In fact, once you go below the surface of seawater or lake water, any type of water, as long as you're solving beneath that, but above the land, that area there is for all intents and purposes a a simple source free medium. It has a permitivity, permeability, has a conductivity also um that is relatively constant. Some of those things can depend on the material properties which in turn depend on things like temperature and pressure. So you might get slight grad uh gradations gradations but uh you you don't there are a lot of problems where that doesn't really matter. It's such a slight change you don't care.
There are some that it is important. So what does a problem like this type of stuff look like? Well, what we will do is take our phaser form of Maxwell's equations when we come back next time and we will synthesize the wave equation which tells you how energy travels around in space and then we'll be able to say what is the basic form of a wave traveling that what does it look like which direction is it traveling in how big is it I'll give you an example problem and that's the only thing I could possibly ask her about this on the desk something simple like what does a wave look like in this medium? Okay, everything good? Excellent. Let's go ahead and continue our lecture from Tuesday. We've got to finish off our discussion of the wave equation. And this is how we this is the point at which we left off.
We had put Maxwell's equations on the board. And then I showed you a really nice simplification of Maxwell's equations that you can use when you are dealing with time harmonic sinosoids, waves traveling around and in simple source free media. And let me go ahead and put those back on the board so you see what we were talking about with the end goal today. We're going to show how all that stuff that we've been learning about during the course of the last several months, uh, electrostatics, magnetoatics, Faraday's law, how those can all be combined to get energy and information transmission in nothing, which is the cool part. So we had Maxwell's equations in a simple source free media.

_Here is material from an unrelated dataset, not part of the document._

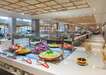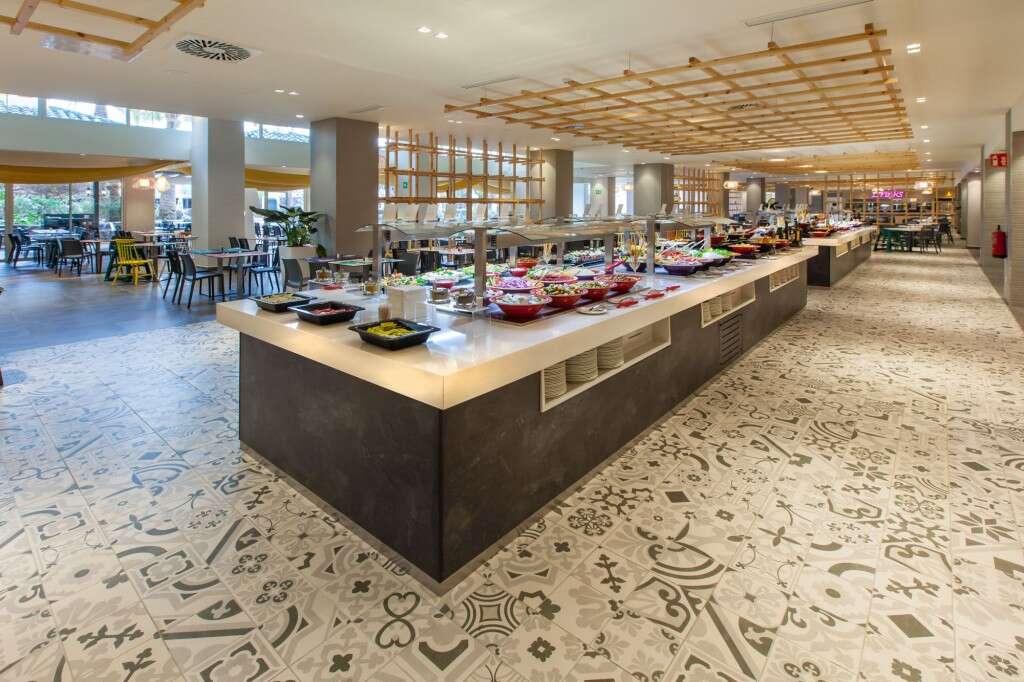 • sABOReA: A hotel fő étterme, ahol svédasztalos reggeli, ebéd és vacsora várja. Hetente változó menüsor és heti ötször tematikus vacsora áll rendelkezésére, melyet az étterem séfjei a nemzetközi konyhák legkedveltebb ízeiből állítottak össze. Kérésre diabetikus menü is elérhető, ezenkívül az étteremben kialakításra került egy gyereksarok is, kimondottan a kicsik ízlésére szabva. • Snack and Go: Fedett étkezde kényelmes kültéri terasszal. Belül négy állomást talál: olasz, burger, természetes és desszert állomások kínálatából választhat, valamint két önkiszolgáló italpult áll rendelkezésére, ahol vizet, gyümölcslevet, bort, sangriát és üdítőitalokat fogyaszthat. • Lobby bar-terrace: Az előcsarnokban található bárban italok széles választéka tárul Ön elé: kávé, tea, koktélok és egyéb italok várják. • Island Bar: A család összes tagja talál majd kedvére valót ebben a bárban, legyen az egy üdítő, koktél vagy bármilyen ital. Na és azok a harapnivalók! • Holidays Bar: Nem kell messzire mennie egy hűsítő italért akkor sem, ha éppen a medence partján pihen. Apró falatokokból és italokból álló kínálat várja. • 24/7 by Abora: A hotel 24 órában nyitvatartó önkiszolgáló bárja, ahol hideg harapnivalók, egyéb nassolnivalók és italautomaták várják az All Inclusive vendégeket.

And this of course is phaser form. And let me go ahead and recount what they all were. The curl of h phaser vector is equal to j 2 pi f epsilon electric field phaser. or this is this is Maxwell's fudge factor right when you say J 2 pi F in the phaser domain that's differentiation in the time domain so it's the derivative of the the electric field and we know that a sinosoidal electric field will have a swirling magnetic field around it the same frequency um whose amplitude will be proportional to frequency and the amplitude of the original E field was oscillating there. Then we have the equivalent of Faraday's law which said that E fields circulate around changing magnetic fields and this was minus J 2 pi F mu H vector and we said that if there are no sources no currents no charges no nothing then the sourciness or the divergence that is of H and E vector phaser in the simple le the simple source free medium is equal to zero.
So these are simplifications to Maxwell's equations given the fact that you got a really simple medium with no sources and you're operating with time harmonic sinosoids. A very elegant little set of equations and we can see very readily where uh the wave might come from. L H field is proportional to the change in E field which is itself proportional to the change in H field which itself is caused by a a changing E field and so forth and so forth. That's the chain reaction that gives rise to waves. And so what I'm going to do now is kind of put all these equations together into something called the Helmholtz wave equation.
Very elegant little formula that shows how things propagate in space. and we'll we'll be able to close the loop with something that we saw at the very first week of class. Um, and it'll all make sense and you will be set up for prime success if you go in to take the follow on class to this which is 3065 electromagnetic applications. There you start off with kind of advanced sinosoidal transmission lines and you do some RF circuit design and then you get into wave propagation and antennas and sparameters and all this really cool stuff. It's very useful and increases your starting salary by about $5,000 if you go through that.
But hint hint. So let's see. We got Maxwell's equations here. What are we going to do? Well, what I would like to do is to make one equation that doesn't have these two co, you know, we got basically two coupled equations here. I want to make one equation using a little bit of vector calculus magic.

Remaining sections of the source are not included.